It’s hard to imagine the imagination of science fiction writers. While many of their literary works are based in our current world, like Michael Crichton’s novel The Andromeda Strain, science fiction works are not bound by past, present or future. In fact, the majority envision scientific or technological advances that don’t yet exist. As a blog from high-tech company Micron puts it, “Some of the most outlandish scenarios imagined by writers of films, TV shows, and books have come true, and they were actually inspired by science fiction.” It presents 11 examples that were anticipated by sci-fi writers, including self-driving cars, 3-D food printing, drones, ear buds and more.
Predicting inventions and their achievements is not just the realm of fiction. In 2016, two Harvard academics teamed up to announce that “machine learning will displace much of the work of radiologists and anatomical pathologists.”[i] It didn’t take long to start. By 2020, a multicenter team developed and tested a Deep Learning (DL) system to assign a Gleason grade to prostate cancer (PCa) biopsy specimens. They found that their program demonstrated “higher proficiency than general pathologists at Gleason grading prostate needle core biopsy specimens…”[ii]

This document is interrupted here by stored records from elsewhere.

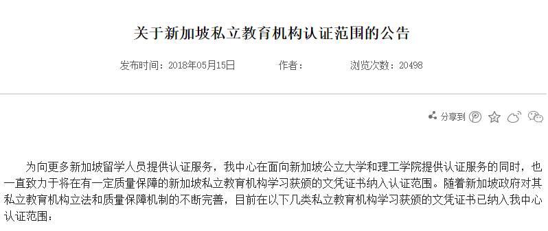 中国教育部留学服务中心早在2018年,就在《关于新加坡私立教育机构认证范围的公告》中公布了经认可的私立教育机构!
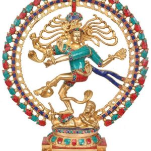 24 x 21 x 5 inch 13.750 KG Brand : Indian Handicrafts Code : IHN805 In a marvelously unified and dynamic composition expressing the rhythm and harmony of life, Nataraj is shown with four hands represent the cardinal directions. He is dancing, with his left foot elegantly raised and the right foot on a prostrate figure—’Apasmara Purusha’, the personification of illusion and ignorance over whom Shiva triumphs. The upper left-hand holds a flame, the lower left-hand points down to the dwarf, who is shown holding a cobra. This product made Of Brass Material and Beautifully to make the figure look as real. A Genuine Indian Work Of Art Produced With Traditional Casting Technique By Artisans In India. Use the statue to bring a touch of Indian culture to your Home Décor ₹20,625.00Brass Natraj | Dancing Shiva 24 Inch
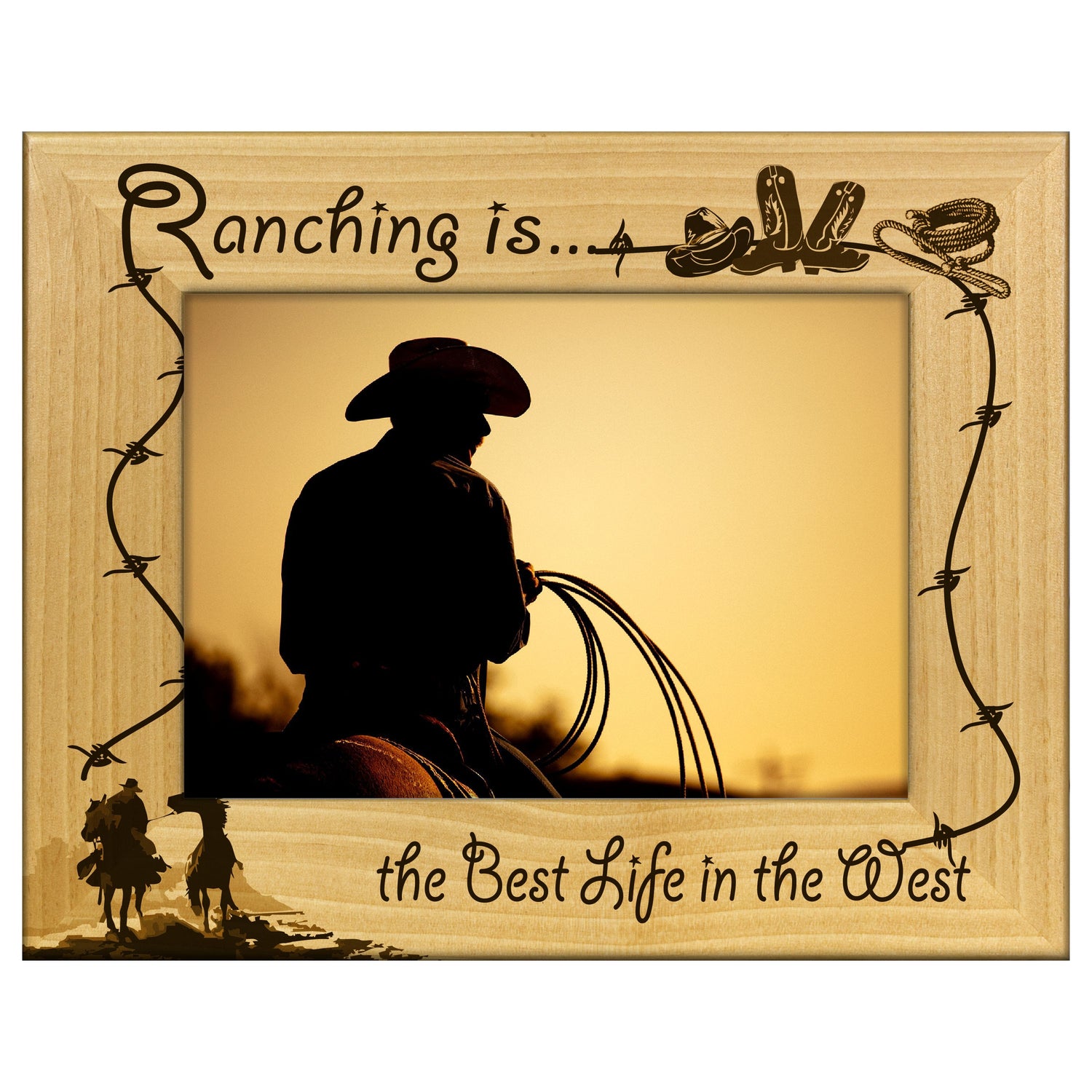 Capture the spirit of the ranching life with our beautifully engraved wooden picture frame. This rustic frame is perfect for showcasing your favorite memories, whether it's a family gathering on the ranch or a stunning sunset over the fields.
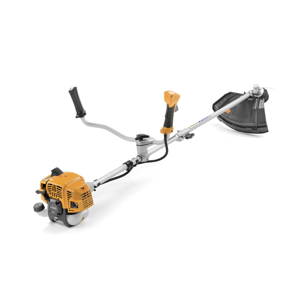 Handliche Motorsense mit 25 cm³ 2-Takt-Motor und 0,7 / 0,95 kW /PS. Einfaches arbeiten mit praktischen Bügelgriff und mitgelieferten Schultergurt.Mit den teilbaren Schaft ist die Maschine einfach zu transportieren und benötigt wenig Platz zur Lagerung.Durch die serienmäßige Ausrüstung mit Fadenkopf und 3-Zahnmesser ist die Maschine perfekt als Benzin - Rasentrimmer und als kompakte Motorsense für leichtes Gestrüpp oder langes Gras einsetzbar.Ideal für den universellen Einsatz in Ihrem Garten.Technische Daten:Motor 25,4ccm 2-Takt 0,7 KW 0,95 PSSchnittbreite mit Fadenkopf 430 mmFadenkopf: 2 Faden , 2,4mm 400 mm LängeMesser: 3-Flügel Gestrüpp mit 255 mm DurchmesserGewicht: nur 7,6 kg mit Werkzeug
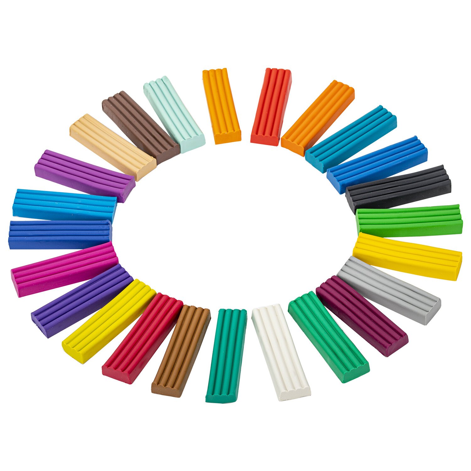 В составе набора 24 бруска по 20 г разных цветов: белый, черный, синий, красный, желтый, зеленый, коричневый, оранжевый, голубой, светло-зеленый, фиолетовый, лиловый, светло-коричневый, темно-красный, бирюзовый, сиреневый, телесный, серый, мятный, светло-оранжевый, красно-фиолетовый, ультрамарин, изумрудный, лимонный. Масса набора - 480 г. Со стеком.
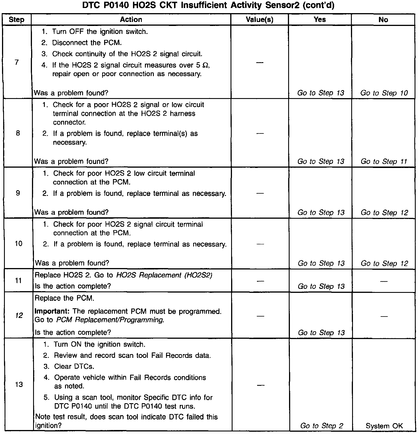 3. If the DTC P0140 test passes while the Fail Records conditions are being duplicated, an intermittent condition is indicated. Reviewing the Fail Records vehicle mileage since the diagnostic test last tailed may help determine how often the condition that caused the DTC to be set occurs. This may assist in diagnosing the condition.
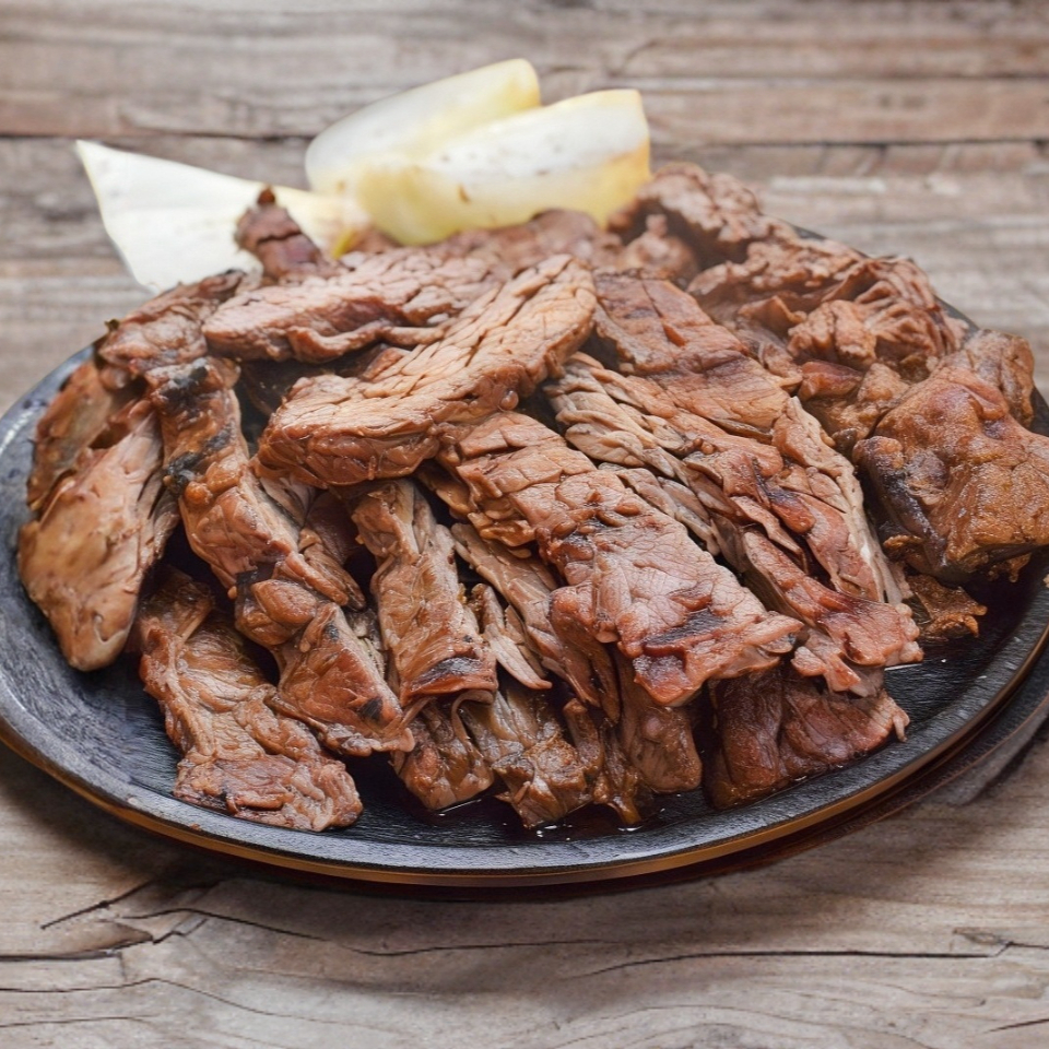 UN KILO DE CARNE DE TROMPO, CEBOLLA, CILANTRO, LIMON Y SALSA
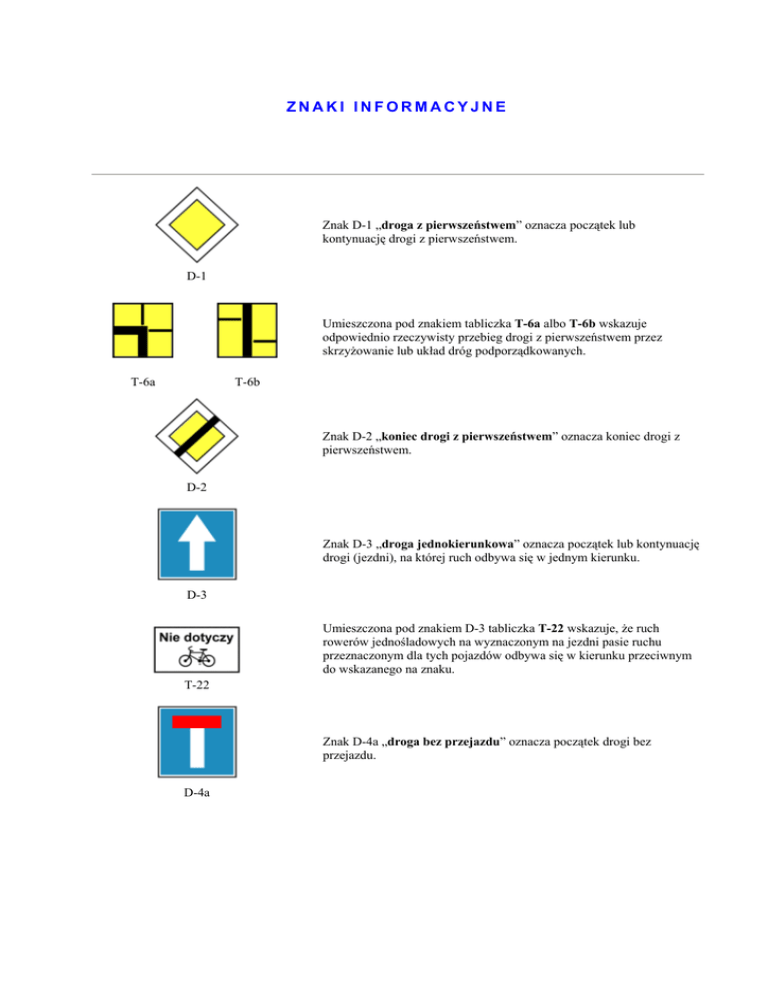 ZNAKI INFORMACYJNE Znak D-1 „droga z pierwszeństwem” oznacza początek lub kontynuację drogi z pierwszeństwem. D-1 Umieszczona pod znakiem tabliczka T-6a albo T-6b wskazuje odpowiednio rzeczywisty przebieg drogi z pierwszeństwem przez skrzyżowanie lub układ dróg podporządkowanych. T-6a T-6b Znak D-2 „koniec drogi z pierwszeństwem” oznacza koniec drogi z pierwszeństwem. D-2 Znak D-3 „droga jednokierunkowa” oznacza początek lub kontynuację drogi (jezdni), na której ruch odbywa się w jednym kierunku. D-3 Umieszczona pod znakiem D-3 tabliczka T-22 wskazuje, że ruch rowerów jednośladowych na wyznaczonym na jezdni pasie ruchu przeznaczonym dla tych pojazdów odbywa się w kierunku przeciwnym do wskazanego na znaku. T-22 Znak D-4a „droga bez przejazdu” oznacza początek drogi bez przejazdu. D-4a Znak D-4b „wjazd na drogę bez przejazdu” oznacza, że droga za skrzyżowaniem po stronie wskazanej na znaku jest drogą bez przejazdu. D-4b Znak D-5 „pierwszeństwo na zwężonym odcinku jezdni” oznacza, że kierujący przejeżdżają (przechodzą) przed kierującymi zbliżającymi się z kierunku przeciwnego. D-5 Znak D-6 „przejście dla pieszych” oznacza miejsce przeznaczone do przechodzenia pieszych w poprzek drogi. D-6 Znak D-6a „przejazd dla rowerzystów” oznacza miejsce przeznaczone do przejeżdżania rowerzystów w poprzek drogi. D-6a Znak D-6b „przejście dla pieszych i przejazd dla rowerzystów” oznacza występujące obok siebie miejsca wskazane znakami D-6 i D-6a. D-6b Kierujący pojazdem zbliżający się do miejsca oznaczonego znakiem D-6, D-6a albo D-6b jest obowiązany zmniejszyć prędkość tak, aby nie narazić na niebezpieczeństwo pieszych lub rowerzystów znajdujących się w tych miejscach lub na nie wchodzących (wjeżdżających). Umieszczona pod znakiem D-6 lub D-6b tabliczka T-27 wskazuje, że przejście dla pieszych jest szczególnie uczęszczane przez dzieci. T-27 Znak D-7 „droga ekspresowa” oznacza początek lub kontynuację drogi ekspresowej; koniec drogi ekspresowej oznaczony jest znakiem D-8 „koniec drogi ekspresowej”. D-7 D-8 Znak D-9 „autostrada” oznacza początek lub kontynuację autostrady; koniec autostrady oznaczony jest znakiem D-10 „koniec autostrady”. D-9 D-10 Umieszczona pod znakiem D-7 lub D-9 tabliczka T-28 wskazuje, że za przejazd drogą ekspresową lub autostradą pobierana jest opłata. T-28 Znaki: D-11 „początek pasa ruchu dla autobusów”, D-12 „pas ruchu dla autobusów” oznaczają odpowiednio początek lub kontynuację pasa ruchu przeznaczonego tylko dla autobusów (trolejbusów) oraz innych pojazdów wykonujących odpłatny przewóz osób na regularnych liniach. D-11 D-12 Znak D-13 „początek pasa ruchu powolnego” oznacza początek pasa ruchu, z którego są obowiązani korzystać kierujący pojazdami nie osiągającymi na wzniesieniu minimalnej prędkości określonej na znaku liczbą kilometrów na godzinę. D-13 Znak D-14 „koniec pasa ruchu” oznacza koniec skrajnego pasa ruchu, znajdującego się po stronie wskazanej na znaku; znak D-14 umieszczony przy pasie ruchu powolnego oznacza koniec tego pasa ruchu. D-14 T-1a Umieszczona pod znakiem D-7, D-8, D-9, D-10, D-13 lub D-14 tabliczka T-1a wskazuje odległość do początku (końca) drogi lub pasa ruchu. Znaki: D-15 „przystanek autobusowy”, D-16 „przystanek trolejbusowy”, D-17 „przystanek tramwajowy” D-15 D-16 D-17 oznaczają miejsce zatrzymywania się wskazanych na znaku pojazdów wykonujących odpłatny przewóz osób na regularnych liniach. Znak D-15 oznacza ponadto miejsce do zatrzymywania się innych niż autobus pojazdów samochodowych wykonujących odpłatny przewóz osób na regularnych liniach i pojazdów przeznaczonych do przewozu dzieci do szkół i przedszkoli. Znak D-18 „parking” oznacza miejsce przeznaczone na postój pojazdów (zespołów pojazdów), z wyjątkiem przyczep kempingowych. D-18 Umieszczona pod znakiem D-18 tabliczka: T-23e T-30 T-23e oznacza, że na parkingu dopuszczony jest także postój przyczep kempingowych, T-30 wskazuje sposób ustawienia pojazdu względem krawędzi jezdni oznaczonej na tabliczce barwą szarą oraz że miejsce przeznaczone jest dla pojazdów samochodowych o dopuszczalnej masie całkowitej nie przekraczającej 2,5 t, T-3a wskazuje koniec miejsca przeznaczonego na postój. T-3a Znak D-18a „parking - miejsce zastrzeżone” oznacza miejsce przeznaczone na postój pojazdu uprawnionej osoby. D-18a Znak D-18b „parking zadaszony” oznacza miejsce przeznaczone do postoju pojazdów znajdujące się w budynku lub pod wiatą. D-18b T-29 Umieszczona pod znakiem D-18 lub D-18b tabliczka T-29 informuje o miejscach przeznaczonych dla pojazdów przewożących lub kierowanych przez osoby niepełnosprawne mające trudności w poruszaniu się. Znak D-19 „postój taksówek” oznacza miejsce przeznaczone na postój taksówek, z wyjątkiem taksówek zajętych. D-19 Znak D-20 „koniec postoju taksówek” oznacza miejsce, w którym kończy się postój taksówek; jeżeli na postoju taksówek nie umieszczono znaku D-20, to kończy się on w odległości nie większej niż 20 m przed znakiem D-19. D-20 Umieszczony dodatkowo na znakach D-19 i D-20 napis „Bagażowe” wskazuje, że znaki te dotyczą taksówek bagażowych. Znaki informujące o wskazanych na znakach obiektach znajdujących się przy drodze D-21 „szpital”, D-21a „policja”, D-22 „punkt opatrunkowy”, D-23 „stacja paliwowa”, (umieszczony w dolnej części znaku napis "LPG GAZ" informuje, że stacja prowadzi także sprzedaż gazu do napędu pojazdów) D-23a „stacja paliwowa tylko z gazem do napędu pojazdów”, D-24 „telefon”, D-25 „poczta”, D-26 „stacja obsługi technicznej”, D-26a „wulkanizacja”, D-26b „myjnia”, D-26c „toaleta publiczna”, (umieszczony w dolnej części znaku napis "BUS" informuje o możliwości opróżniania toalet zainstalowanych w pojazdach) D-

The pace of generating such programs is accelerating. In 2022, a team of Spanish researchers tackled the Herculean chore of employing DL to “… simultaneously perform detection, segmentation, and Gleason Grade estimation from [multiparametric MRIs] to a state-of-the-art performance level.”[iii] In publishing their work, they note that Computer-Aided Diagnosis (CAD) has already been acknowledged as a way to add efficiency and objectivity to the human task of interpreting mpMRI scans. After all, reading and reporting on scans is time-consuming, and dependent on the expertise of the reader so results can vary, so carefully designed and trained algorithmic programs can help busy radiologists by detecting suspicious lesions.
The Spanish team’s project goes further. They based their product on “two main MRI datasets integrating T2, DW, b-value, and ADC maps in both of them” as well as two PCa datasets (ProstateX and IVO). Their image-based lesion identification included prostate zonal segmentation and classification by grade, which was then compared against “fusion and transperineal template biopsies,” the latter of which is considered the pre-operative gold standard to evaluate PCa extent.
How well did their DL system perform? In terms of detecting clinically significant PCa (that is, Gleason grade group ≥ 2), their results were excellent. For the IVO dataset, their program outperformed PI-RADS for high risk PCa. They also found great agreement in zonal segmentation between their program and that of an expert radiologist. While not yet at a point where the authors can claim to have perfected automated image-based diagnosis, they can justly pat themselves on the back for having created “the first algorithm, to the best of our knowledge, that automatically contours the prostate into its zones, performs well at lesion detection and Gleason Grade prediction (identifying lesions of a given grade or higher), and segments such lesions albeit with a moderate overlapping. The model outperformed expert radiologists with extensive MRI experience …”
Our team at Sperling Prostate Center extends congratulations to Pellicer-Valero, et al. for their thorough work. They have made a significant stride in the contribution of DL as a promising working partner with human radiologists who specialize in prostate cancer.
NOTE: This content is solely for purposes of information and does not substitute for diagnostic or medical advice. Talk to your doctor if you are experiencing pelvic pain, or have any other health concerns or questions of a personal medical nature.
[i] Obermeyer Z, Emanuel EJ. Predicting the Future – Big Data, Machine Learning, and Clinical Medicine. N Engl J Med. 2016 Sep 29;375(13):1216-9.
[ii] Nagpal K, Foote D, Tan F, et al. Development and Validation of a Deep Learning Algorithm for Gleason Grading of Prostate Cancer From Biopsy Specimens. JAMA Oncol. 2020;6(9):1372–1380.
[iii] Pellicer-Valero OJ, Marenco Jiménez JL, Gonzalez-Perez V, Casanova Ramón-Borja JL et al. Deep learning for fully automatic detection, segmentation, and Gleason grade estimation of prostate cancer in multiparametric magnetic resonance images. Sci Rep. 2022 Feb 22;12(1):2975.